PROBLEM REQUIREMENTS:
Take the records below and set down exactly the lines from the one with "透明感のあるグリーンからブルーへのグラデーションが美しいフラワーベース。" to the one with "This is a 2001", ends included; do not copy the pictures.

MATERIAL FOR THIS EXERCISE:

++++

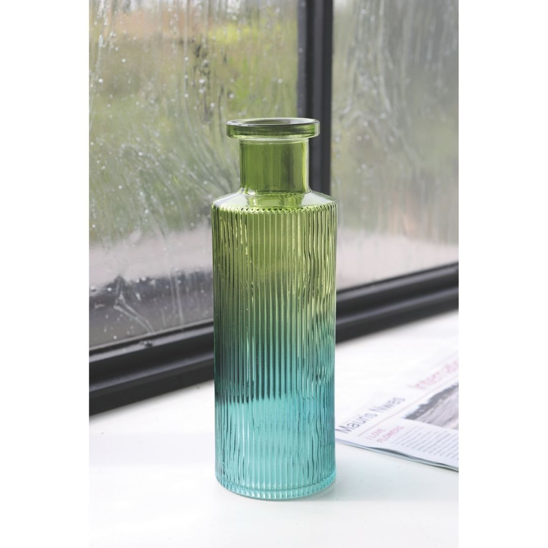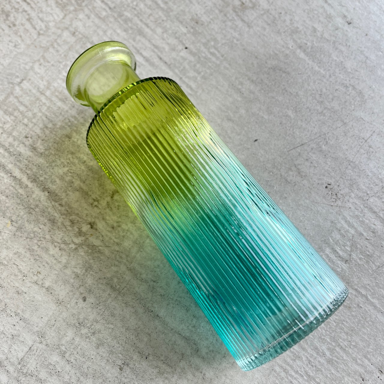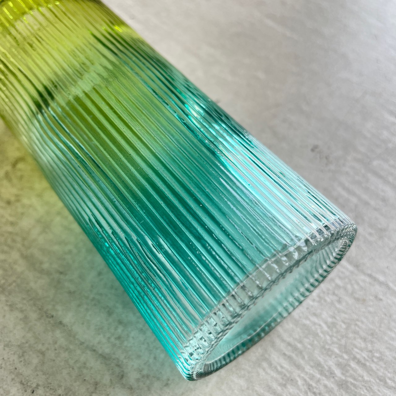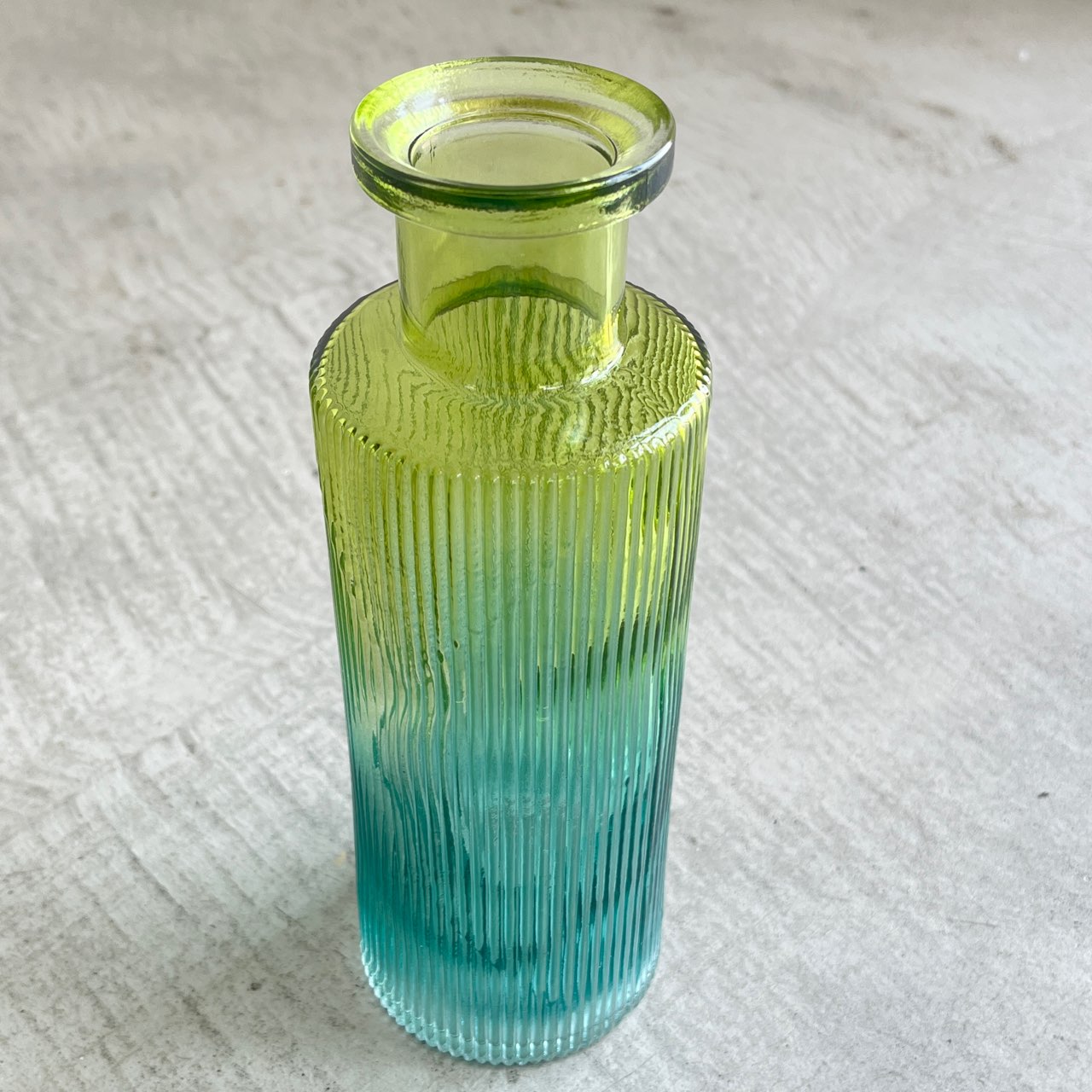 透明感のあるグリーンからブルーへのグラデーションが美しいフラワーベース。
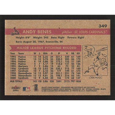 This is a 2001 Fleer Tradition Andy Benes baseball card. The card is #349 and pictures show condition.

++++

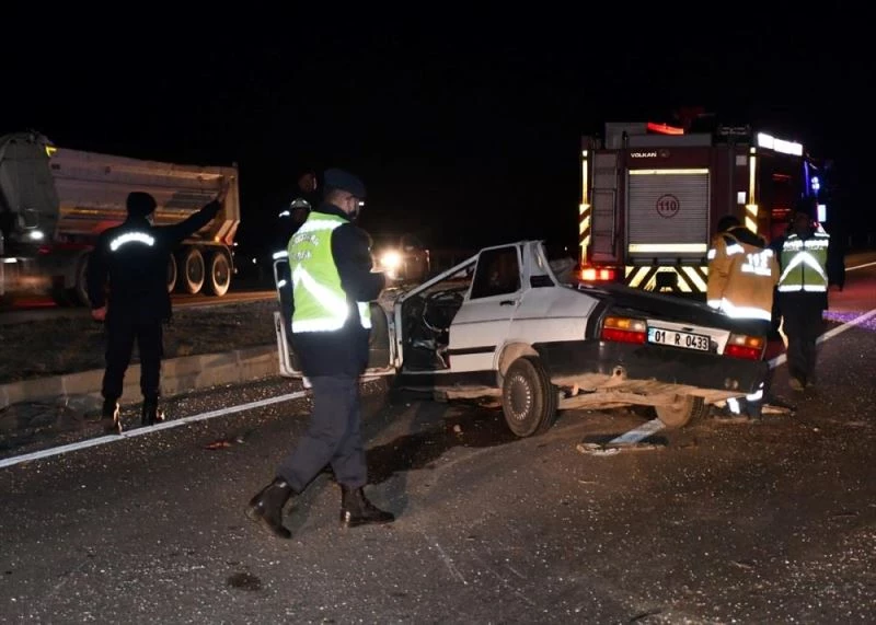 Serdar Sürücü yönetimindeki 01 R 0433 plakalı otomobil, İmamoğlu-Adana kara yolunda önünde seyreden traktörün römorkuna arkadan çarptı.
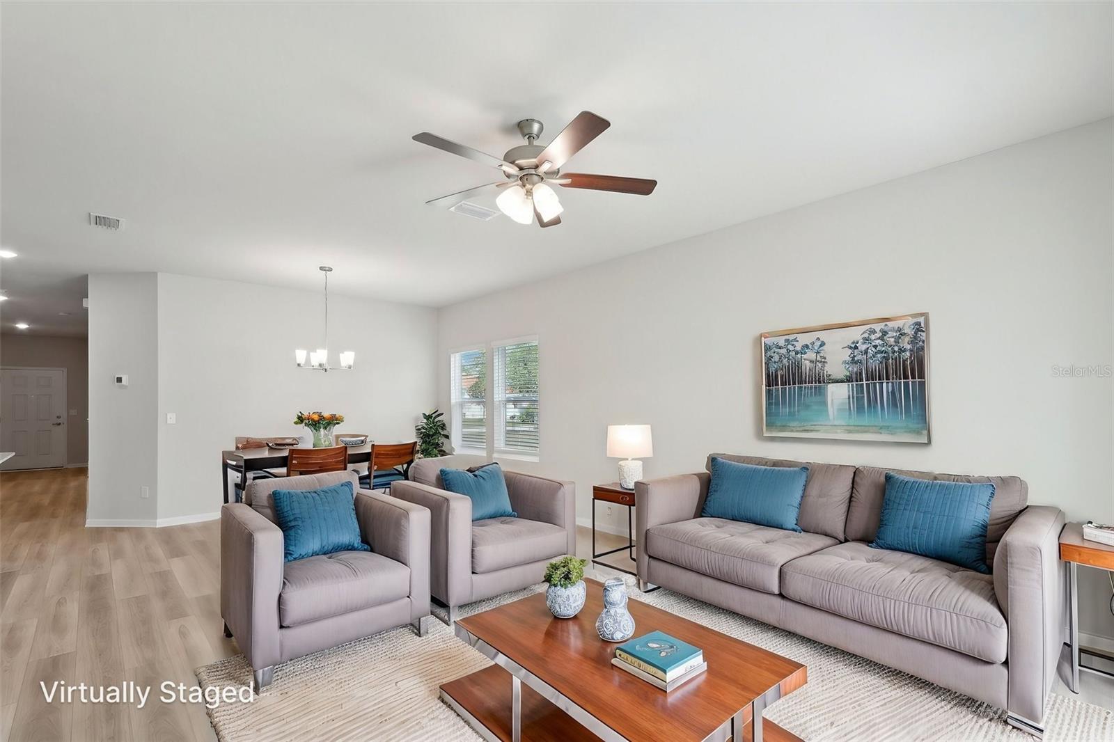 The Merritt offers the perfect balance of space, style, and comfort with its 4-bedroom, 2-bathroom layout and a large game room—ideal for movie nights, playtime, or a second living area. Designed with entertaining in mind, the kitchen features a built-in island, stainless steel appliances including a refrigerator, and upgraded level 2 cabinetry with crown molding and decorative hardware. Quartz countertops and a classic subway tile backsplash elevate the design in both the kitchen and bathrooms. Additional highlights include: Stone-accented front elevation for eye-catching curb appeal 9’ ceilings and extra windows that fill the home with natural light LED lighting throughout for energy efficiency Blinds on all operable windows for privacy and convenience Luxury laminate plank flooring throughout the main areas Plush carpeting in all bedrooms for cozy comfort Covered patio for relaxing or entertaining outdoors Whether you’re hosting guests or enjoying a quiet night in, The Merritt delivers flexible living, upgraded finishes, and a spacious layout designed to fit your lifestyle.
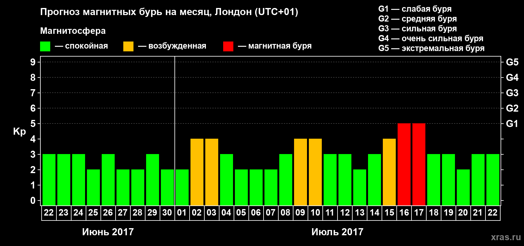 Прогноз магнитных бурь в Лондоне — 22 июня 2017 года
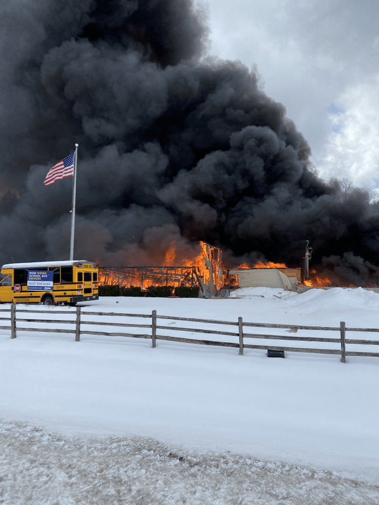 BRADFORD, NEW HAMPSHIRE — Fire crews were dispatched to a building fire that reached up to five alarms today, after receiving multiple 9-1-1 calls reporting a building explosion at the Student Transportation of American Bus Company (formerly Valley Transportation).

++++

RESULT FOR THIS TASK:
 透明感のあるグリーンからブルーへのグラデーションが美しいフラワーベース。
 This is a 2001 Fleer Tradition Andy Benes baseball card. The card is #349 and pictures show condition.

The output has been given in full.